- Country: United States
- Location: Mason County, Michigan
- Coordinates: 44°01′N 86°30′W﻿ / ﻿44.02°N 86.50°W
- Status: Operational
- Construction began: 2011
- Operator: Consumers Energy

Wind farm
- Type: Onshore

Power generation
- Nameplate capacity: 100.8 MW;

External links
- Website: www.lakewindsenergypark.com

= Lake Winds Energy Park =

Wind farm in Mason County, Michigan

Lake Winds Energy Park is a wind farm located in Mason County, Michigan. The farm began production in August 2012 and is currently operated by Consumers Energy. It is home to a total of 56 wind turbines that produce a total of just over 100MW of power.

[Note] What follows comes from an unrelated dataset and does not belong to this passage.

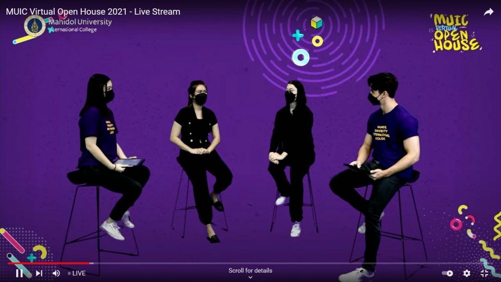 Mahidol University International College (MUIC) held the MUIC Virtual Open House 2021 live online via Zoom, Facebook, and YouTube during November 8-13, 2021.

The turbines, which were constructed by Vestas-American Wind Technology, Inc., take advantage of the western winds generated by Lake Michigan to produce power.

== Construction ==

=== Proposal ===
The Lake Winds Energy Park development project originated from the 2008 law passed in Michigan requiring that renewable energy accounts for at least 10% of total energy production in the state by 2015. Consumers Energy presented the idea of creating a wind farm in Mason County because it was the ideal location to harness wind for energy production. This was motivated Consumer Energy's commitment to double it renewable energy production between 2007 and 2032. Construction of the wind farm began in fall of 2011 and ran until August 2012.

===Environmental restrictions===
Consumers Energy called upon White Construction, Inc. to complete the construction of the project. Unlike most wind farms, the turbines in the Lake Winds Energy Park are distributed throughout Mason County rather than being concentrated in a single area. This required a unique construction process. Besides finding an open area for each wind turbine, roads had to be constructed to allow access to each turbine. In addition, strict sound regulations had to be met so that the public would be willing to keep the turbines running. A phenomenon called "flicker" led to another design restriction. Flicker is the moving shadow that results from the motion of the wind turbine blades. The Mason County Zoning Committee required that flicker on the external wall of a dwelling could not exceed 10 total hours in a year. In order to meet this demand, the turbines in the Lake Winds Energy Park shut down for a short period of time at around midday, when maximum flicker was expected to occur. According to post-construction surveys performed in the area, the Lake Winds Energy Park met all required environmental standards related to sound and flicker.

==Power supply==
Each wind turbine used in the wind farm is a V100 rated at 1.8MW. In total the farm produces just over 100MW of power that is distributed by Consumers Energy throughout the state of Michigan. The Lake Winds Energy Park contributes to the 1,350MW of wind energy being produced in the state of Michigan at the time of their grand opening, making up 2.4% of total energy production in the state. Wind energy is required to make up 10% of total energy production by the end of 2015.